Mathematics Education (MEDU)

  
  • MEDU 445 - Teaching Algebra in the Middle Grades

    3 Credit Hours
    Examines the algebraic content and teaching strategies associated with the teaching of algebra in the middle grades; the study of how adolescents learn algebra, various representations for algebraic concepts, and strategies to support the development of mathematical habits of mind that are essential for success in more advanced mathematics courses.
    Registration Restriction(s): Admission to Teacher Education or consent of instructor.
  
  • MEDU 446 - Teaching Geometry in the Middle Grades

    3 Credit Hours
    Examines the geometric content and teaching strategies associated with the teaching of geometry in the middle grades; the study of how adolescents learn geometry, geometric transformations, informal proof and reasoning, and strategies to support the development of mathematical habits of mind that are essential for success in more advanced mathematics courses.
    Registration Restriction(s): Admission to Teacher Education or consent of instructor.
  
  • MEDU 485 - Teaching Mathematics in the Secondary School

    3 Credit Hours
    Preparation of teaching plans, evaluation, materials for teaching mathematics.
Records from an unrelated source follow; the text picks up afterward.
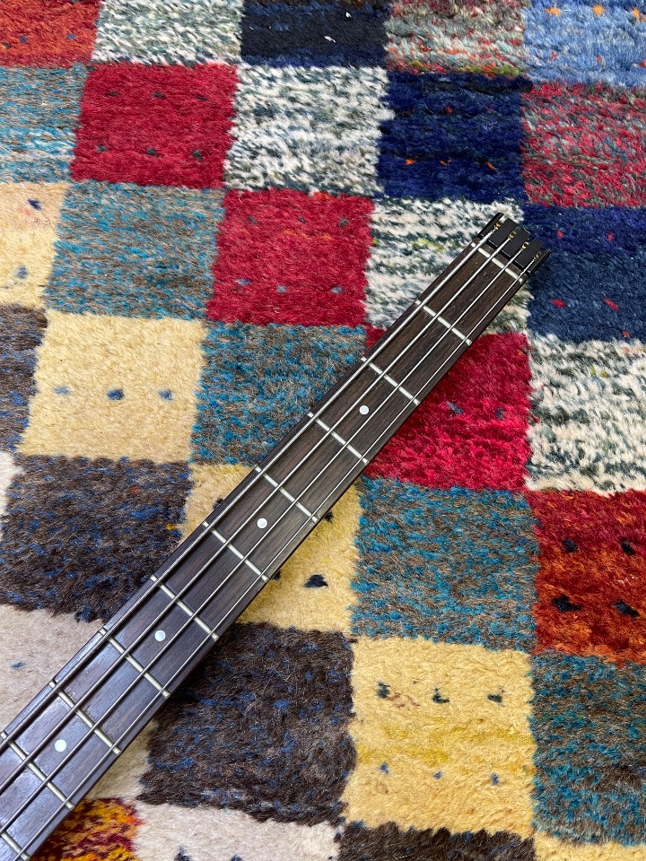 Verkaufe diesen headless Bass aus den 90ern. 24 Bünde mit einem gewissen Spaß-Faktor. Mir ist es nur zu wenig Korpus 🥴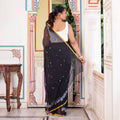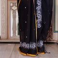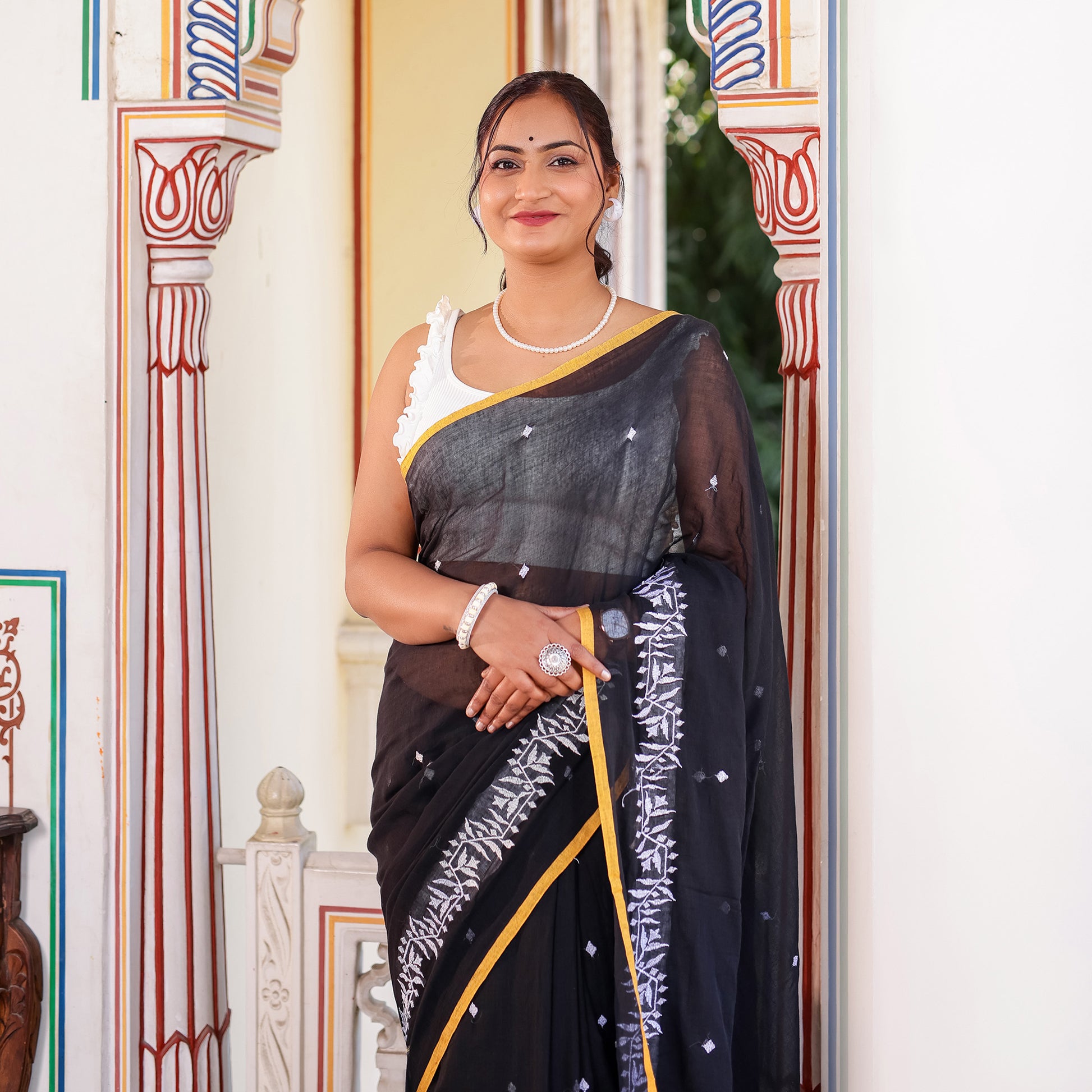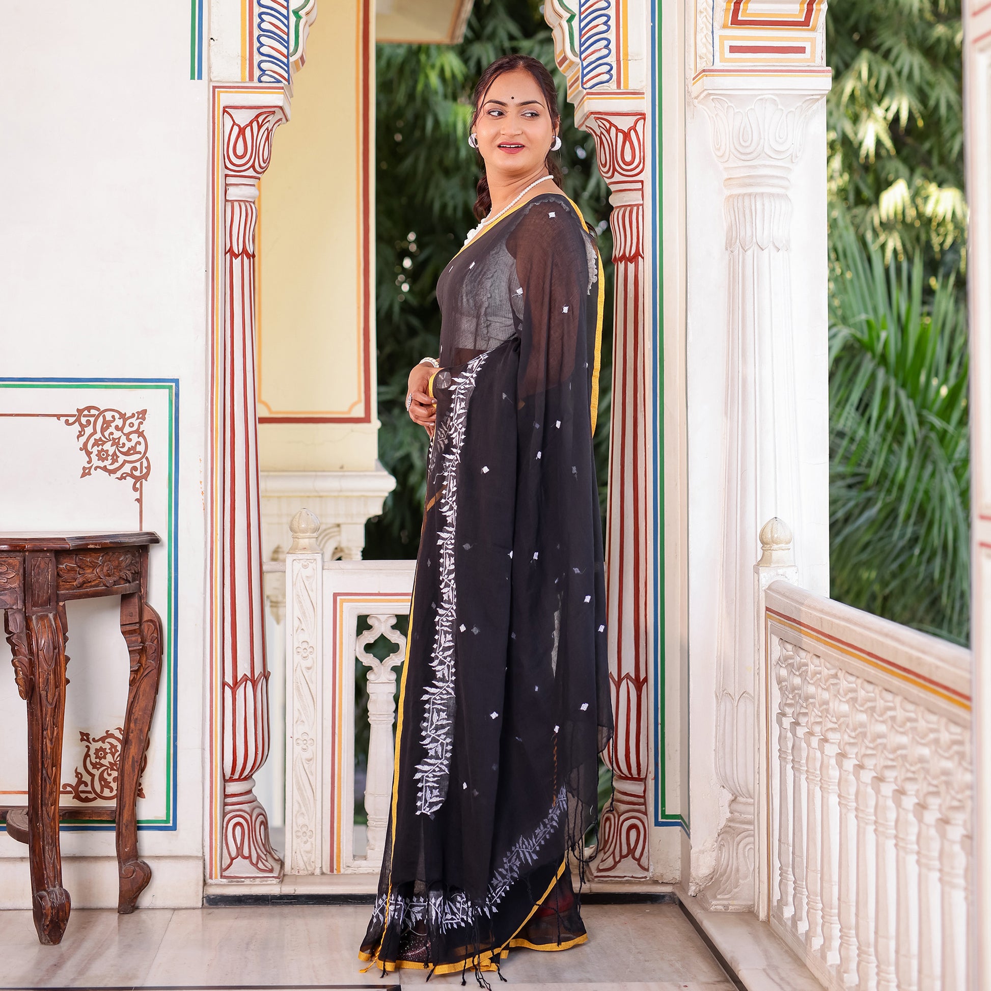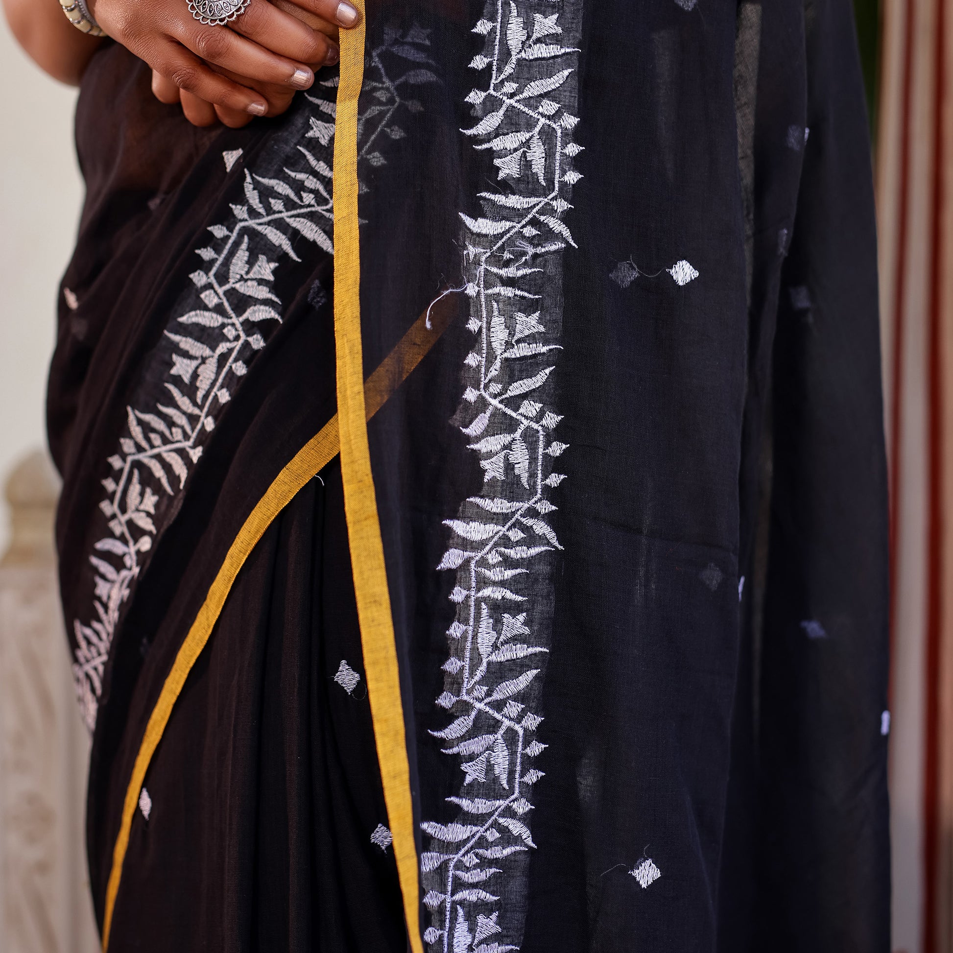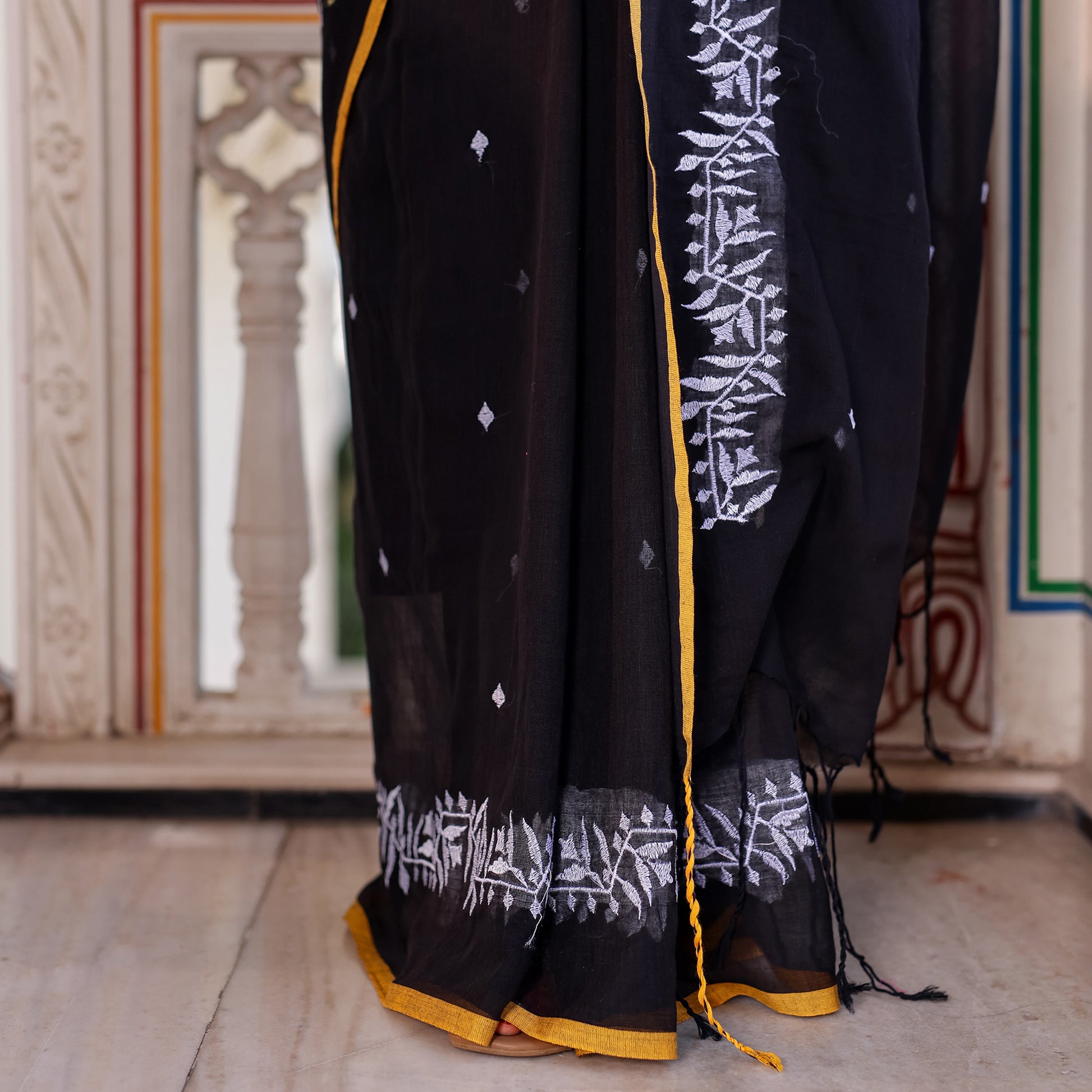 Vaani celebrates the beauty of restraint and detail. Crafted in cotton, this midnight black saree is elevated with delicate white embroidery that traces soft botanical patterns along the pallu and borders.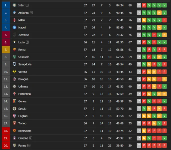 A questo punto agli azzurri potrebbe bastare anche un pareggio contro il Verona all’ultima giornata in caso di sconfitta del Milan contro l’Atalanta, al di là del risultato della Juve.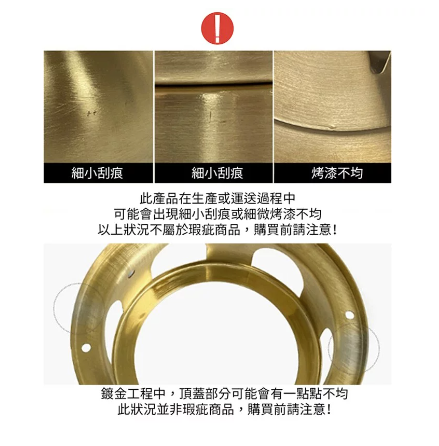 • 部分材質塗層、漆性、電鍍加工處理,難免存在色層紋路或是漆料微溢等情況,皆屬正常製作,非商品瑕疵範圍,不屬於瑕疵品,售出後,無法提供退費與退換費服務。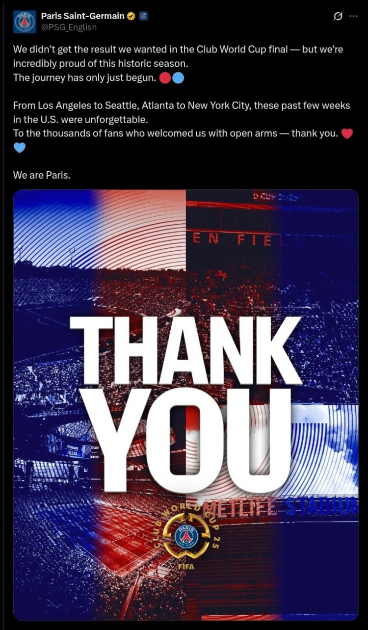 賽后巴黎官推也感謝了球迷的支持,配文寫道:“我們在世俱杯決賽沒有獲得想要的結(jié)果,但是我們?yōu)檫@個(gè)歷史性的賽季感到無比自豪。旅程才剛剛開始。從洛杉磯到西雅圖,從亞特蘭大到紐約,最近在美國的幾周令人難忘。感謝無數(shù)球迷對我們的熱情歡迎,謝謝!我們是巴黎!”

Teaching simulation and directed observation in schools.
    Registration Restriction(s): Admission to Teacher Education or consent of Instructor.
  
  • MEDU 522 - Programs and Materials in School Mathematics

    3 Credit Hours
    Examination, development and use of materials for creating an active learning environment for learning mathematics for all ages.
  
  • MEDU 523 - Teaching Students who Struggle with Mathematics

    3 Credit Hours
    Identifying and responding to students’ difficulties in learning mathematics. Response to Intervention as it relates to mathematics education. Understanding and drawing on students’ thinking in teaching math.
  
  • MEDU 530 - Teaching Mathematics in the Elementary School

    3 Credit Hours
    Unit planning, daily planning, grouping and other strategies of teaching mathematics. Course is for those with little preparation in teaching elementary school mathematics.
  
  • MEDU 543 - Teaching Mathematics in Middle School

    3 Credit Hours
    Unit planning, daily planning, grouping and other strategies for teaching mathematics. Course is for those with little preparation in teaching middle school mathematics.
  
  • MEDU 550 - Mathematics Assessment

    3 Credit Hours
    Emphasis will be the use of classroom assessment to inform instruction. Interpretation and use of Response to Intervention screeners, standardized tests and value added measurements will also be addressed.
    Recommended Background: Teaching experience or 485, 530, 543, is strongly recommended.
  
  • MEDU 581 - Mathematics Curriculum

    3 Credit Hours
    Past, present and future issues influencing mathematics curriculum in schools, elementary through college. Teacher’s role in curriculum development and implementation. Rationales for curriculum decisions.
  
  • MEDU 583 - Teaching Mathematics in Secondary Schools and Community Colleges

    3 Credit Hours
    Topics appropriate for high school and developmental mathematics in community college. Special topics relate to enrichment, problem solving, and the integration of technology into math teaching and learning. Opportunity for special projects.
    Comment(s): Undergraduate degree in mathematics or consent of instructor.
  
  • MEDU 622 - Research Trends in Mathematics Teacher Education

    3 Credit Hours
    Analysis of current research trends in mathematics teacher education and impact of such research on development of teachers both pre-service and in-service.
    Recommended Background: 2 graduate courses in mathematics education.
    Registration Restriction(s): Minimum student level – graduate.
  
  • MEDU 683 - Advanced Studies in Mathematics Education

    3 Credit Hours
    Analysis of current research in mathematics education and implications of research for classroom practice.
    Recommended Background: 2 graduate courses in mathematics education.
    Registration Restriction(s): Minimum student level – graduate.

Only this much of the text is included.